EXERCISE →
Using the records below, write out again exactly the lines that begin at the line containing "Также любопытен и" and end at the line containing "Moving upstairs, you", and no other lines.

PROVIDED ENTRIES →
Start of Block

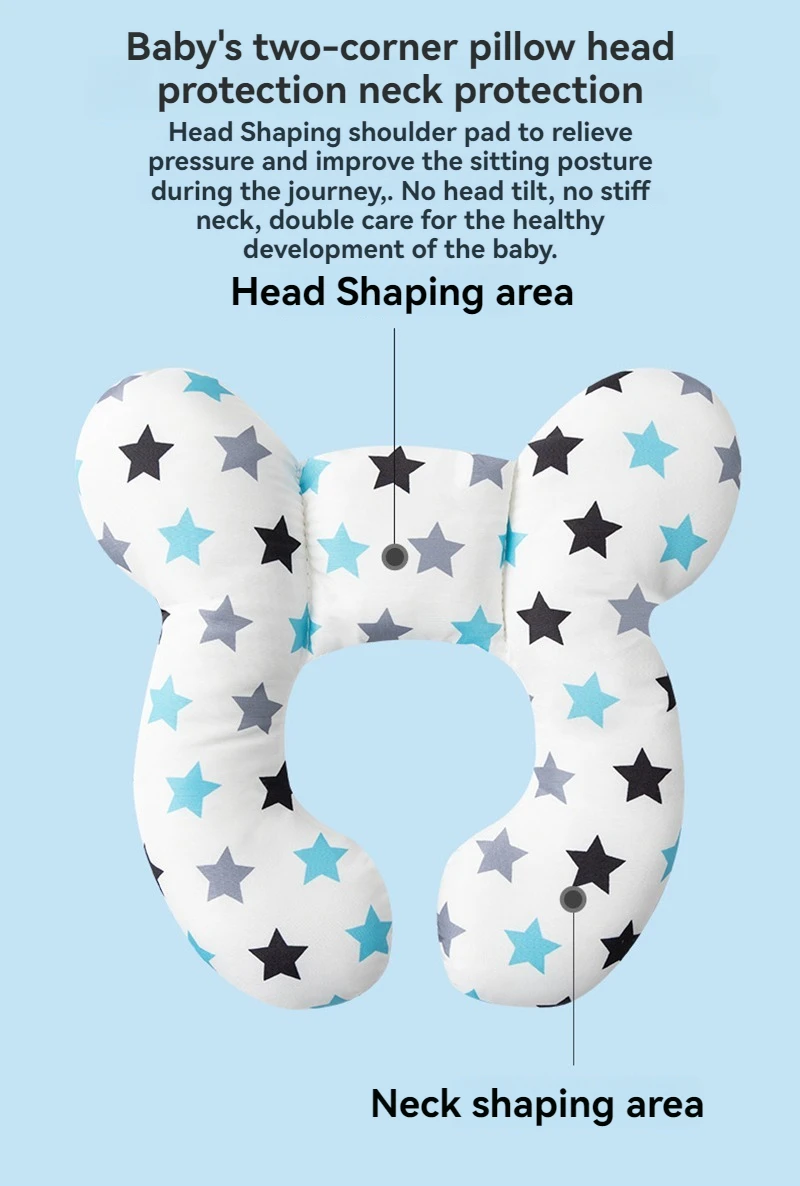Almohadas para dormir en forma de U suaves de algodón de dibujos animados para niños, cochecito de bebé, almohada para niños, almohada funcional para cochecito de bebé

End of Block
Start of Block

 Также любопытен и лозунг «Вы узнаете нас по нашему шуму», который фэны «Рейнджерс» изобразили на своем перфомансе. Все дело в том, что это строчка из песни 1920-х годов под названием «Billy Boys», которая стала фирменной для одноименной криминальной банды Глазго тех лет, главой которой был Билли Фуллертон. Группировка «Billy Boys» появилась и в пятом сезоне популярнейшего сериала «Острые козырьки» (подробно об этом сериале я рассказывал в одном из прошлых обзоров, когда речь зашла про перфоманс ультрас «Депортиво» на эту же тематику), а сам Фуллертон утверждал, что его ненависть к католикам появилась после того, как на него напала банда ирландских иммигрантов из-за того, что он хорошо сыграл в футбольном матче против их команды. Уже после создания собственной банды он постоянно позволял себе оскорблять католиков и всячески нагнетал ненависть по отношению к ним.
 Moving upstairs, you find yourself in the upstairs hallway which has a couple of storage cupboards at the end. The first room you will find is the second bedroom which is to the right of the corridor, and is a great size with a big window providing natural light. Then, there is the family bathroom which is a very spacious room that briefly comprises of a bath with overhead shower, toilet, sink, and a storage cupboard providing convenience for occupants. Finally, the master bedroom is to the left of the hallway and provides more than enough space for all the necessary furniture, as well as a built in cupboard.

End of Block

PROBLEM SOLUTION →
 Также любопытен и лозунг «Вы узнаете нас по нашему шуму», который фэны «Рейнджерс» изобразили на своем перфомансе. Все дело в том, что это строчка из песни 1920-х годов под названием «Billy Boys», которая стала фирменной для одноименной криминальной банды Глазго тех лет, главой которой был Билли Фуллертон. Группировка «Billy Boys» появилась и в пятом сезоне популярнейшего сериала «Острые козырьки» (подробно об этом сериале я рассказывал в одном из прошлых обзоров, когда речь зашла про перфоманс ультрас «Депортиво» на эту же тематику), а сам Фуллертон утверждал, что его ненависть к католикам появилась после того, как на него напала банда ирландских иммигрантов из-за того, что он хорошо сыграл в футбольном матче против их команды. Уже после создания собственной банды он постоянно позволял себе оскорблять католиков и всячески нагнетал ненависть по отношению к ним.
 Moving upstairs, you find yourself in the upstairs hallway which has a couple of storage cupboards at the end. The first room you will find is the second bedroom which is to the right of the corridor, and is a great size with a big window providing natural light. Then, there is the family bathroom which is a very spacious room that briefly comprises of a bath with overhead shower, toilet, sink, and a storage cupboard providing convenience for occupants. Finally, the master bedroom is to the left of the hallway and provides more than enough space for all the necessary furniture, as well as a built in cupboard.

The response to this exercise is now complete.